We’ve also taken steps to ensure our winter supply:
We’re trying to sprout and support basil, parsley, marjoram, thyme, sage, chives, and marjoram. In other words, all the stuff we had on the deck, except the dill. Turns out, neither of us are big fans. We have oregano growing in the front garden, but neither of us is particularly keen on scampering out there first thing in the morning in robe and slippers to cut oregano to go on the omelette. So now get to get to grow some indoors, too. The first sprouts will appear in three or four days, I think, but we won’t be able to harvest for a while.
Fair warning: I’ll be documenting the growth of our lovely little kitchen herbs: the kerbs.
ETA: But what if the seed packet labelling is a lie? What if I’m growing a beanstalk, or little pod aliens, or…
10 thoughts on “Perbs are dead, long live the kerbs”
Aero garden pod plants, very nice.
Super science aside, I really do like the winter look of the place.
I like the ravine in winter: sere, ascetic, but full of wildlife (all much more visible without the foliage).

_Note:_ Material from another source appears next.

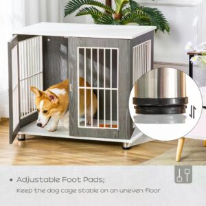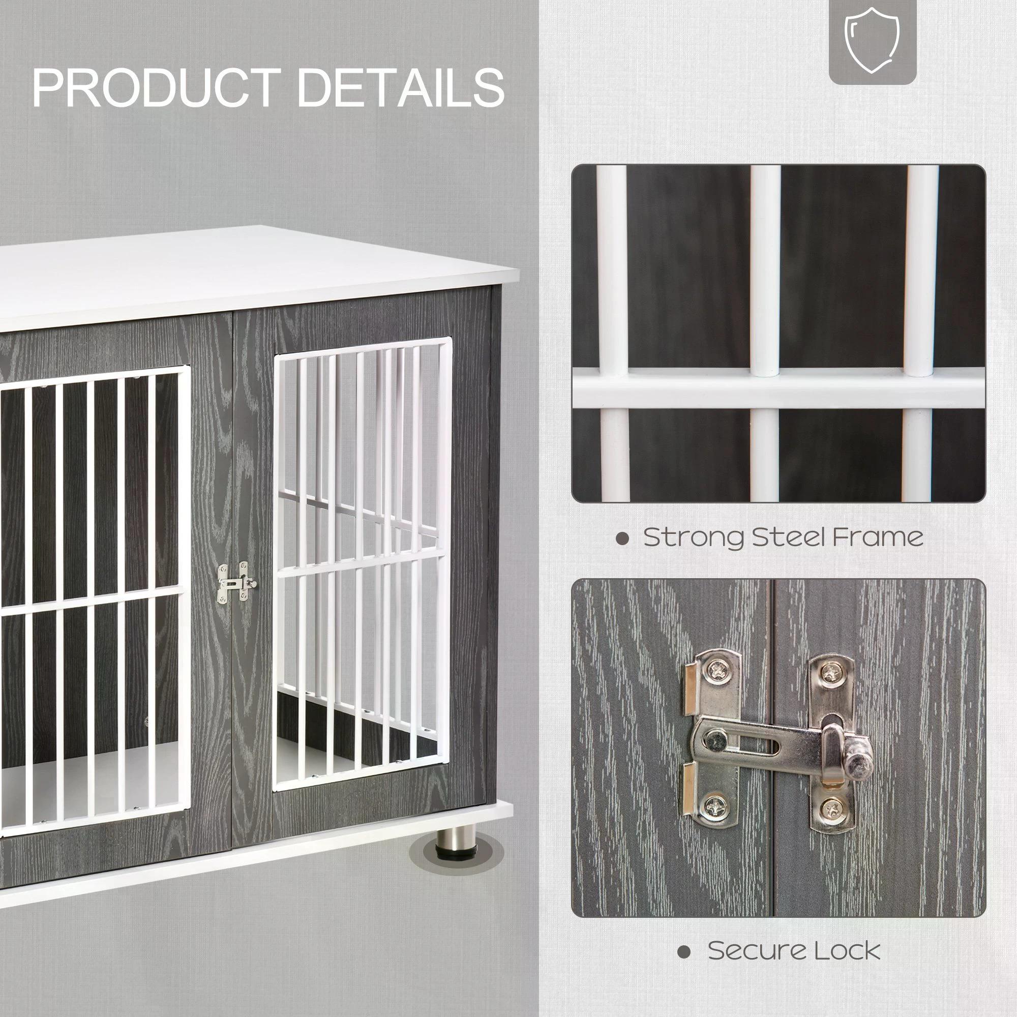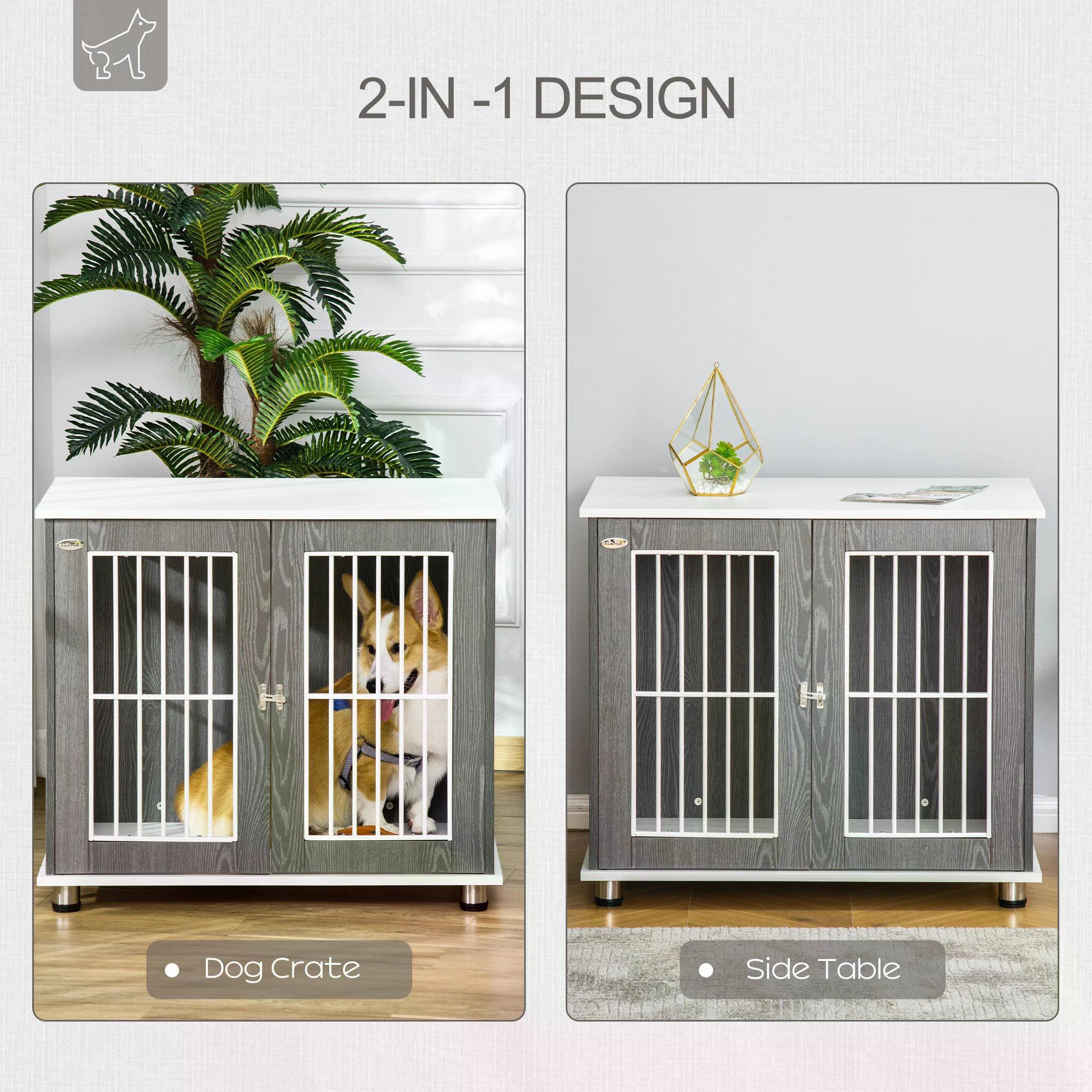 A secure PawHut cage fused with a side table ?? your dog has a comfortable spot to rest, whilst you have a spacious and stylish tabletop to display your favourite pieces ?? the two colours of grey and white will fit in well with your home d??cor. Your pet will have a front door for easy access and there’s a lock, so they’ll will remain put ?? the steel bars keep them secure and gives you a 270?¨ view so you can keep watch. Made from particle board, it’s durable and can be used daily.

I like the torture tree in winter. :)
Looking forward to the Kerb Chronicles.
Whenever I miss having a backyard (like now) I just go to Prospect Park. Except I'm not going to do that because I have to go catch a lunch with a friend.
That looks fantastic! How very 21C!
In regard to your outdoor herbs, have you read '1491: New Revelations of the Americas Before Columbus'? In a section on south America it posits that some indigenous peoples in South America greatly increased the land's carrying capacity by putting charcoal in the soil. As an experiment, someone tried it. In the experiment, no increase in return was noted in the first year, but that by the third year, the carrying capacity had tripled. I had tried putting ash in my soil at the condo, but apparently charcoal works better. I'm going to try it in my garden soil next year providing having a fire going doesn't freak out my dog.
Jo, I haven't read 1491, but I've been meaning to since publication.
@ Nicola — It's got some fascinating ideas in it. I thoroughly enjoyed it. I know some of the the theories sound far-fetched (and I know some of my old archaeology buddies are probably skeptical), but some of them make a lot of sense. I've always thought that a lot of archaeologists don't give native peoples enough credit in the brains department. Sometimes, the simplest explanation is too simple to be realistic where humans are concerned.
Speaking of which, are you interested in the debate as to how early people got to the Americas? Dennis Stanford et. al. have a new book out – PaleoAmerican Origins: Beyond Clovis. I've asked my library to order a copy so I haven't read it yet, but I'm assuming that Stanford talks about the evidence for paleo folks coming over the Atlantic. Should be an amazing read.
Oops, not so new – 2006. I've been out of the game for a bit.
Jo, I remember reading something about that a while ago–and nodding in agreement.